Pentagon guts program to reduce civilian harm
Last year, Bryant — the now-former Civilian Protection Center of Excellence specialist — was forced out of a program aimed at reducing civilian harm during military operations.
Civilian Harm Mitigation and Response was formalized in 2022, encompassing 200 personnel, including roughly 30 at Bryant’s Civilian Protection Center of Excellence.
That mission has largely been cut down to nothing and exists mostly on paper, Bryant told ProPublica.
At Central Command, where a 10-person team was cut to one, only a handful of positions were brought back to backfill roles during operations in Iran.
Without that oversight explicitly designed to prevent civilian harm, Central Command essentially scrapped what could have been months of work to prevent a tragedy like the one in Minab.

A senior military official testifying to members of Congress on March 12 delivered what appear to be the first extensive public remarks from the Pentagon in response to questions about the attack.
“When tragedies like this happen, it causes us all to reflect and try to improve our processes,” said Air Force Gen. Alexus Gregory Grynkewich, commander of the U.S. European Command.
“We do have a number of safeguards in the system,” he added. “Every single time at a tactical level if I was releasing a weapon on a target, I was personally making an assessment as to whether there was any chance of civilian harm, and if there was, was that proportional to the military necessity of striking a target.

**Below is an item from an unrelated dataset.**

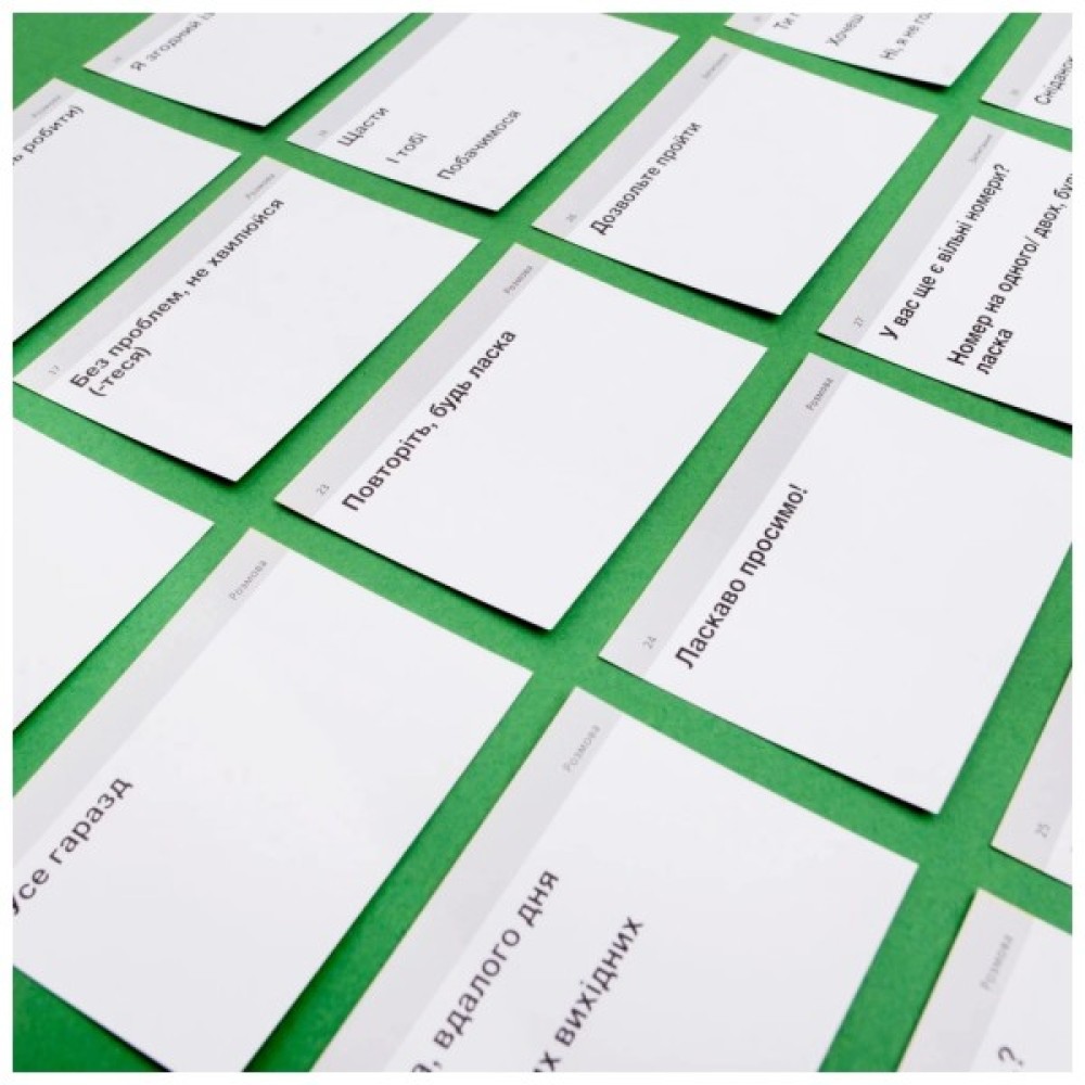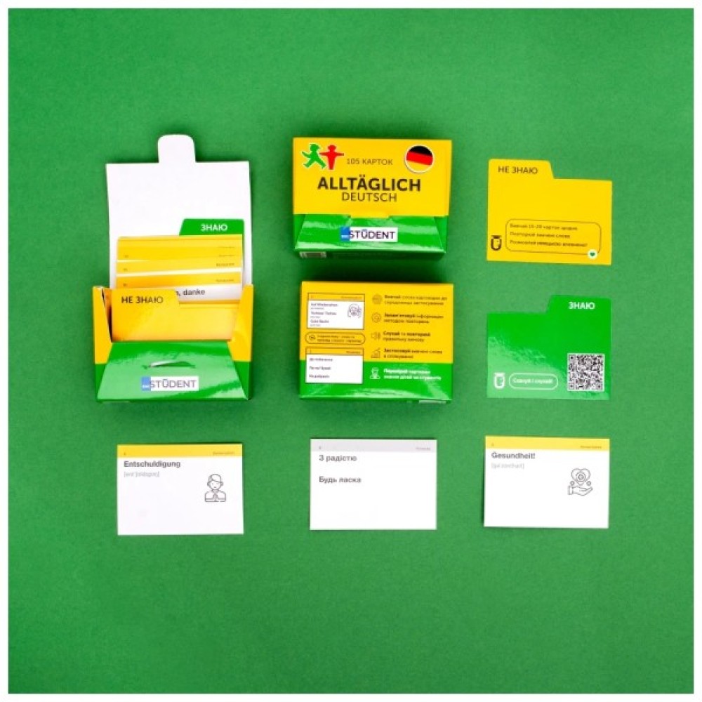Кожен набір містить: 105 карток, два розділювачі (Знаю та Не знаю), спрощену версію коробки для інтервального повторення.

There are “robust standards” involved with the targeting processing, including reviewing images to “update our understanding of the target and refresh the intelligence on a recurring basis to determine the chances of civilian harm and to address any collateral concerns that might be there,” according to Grynkewich.
Asked by Democratic Sen. Kirsten Gillibrand how the U.S. “could have gotten this wrong,” Grynkewich said an investigation should play out to determine what happened.
“I would hesitate to speculate,” he said. “There’s usually a chain of errors and mistakes that happen ... I would say we need to let the investigation play out and find all those factors.”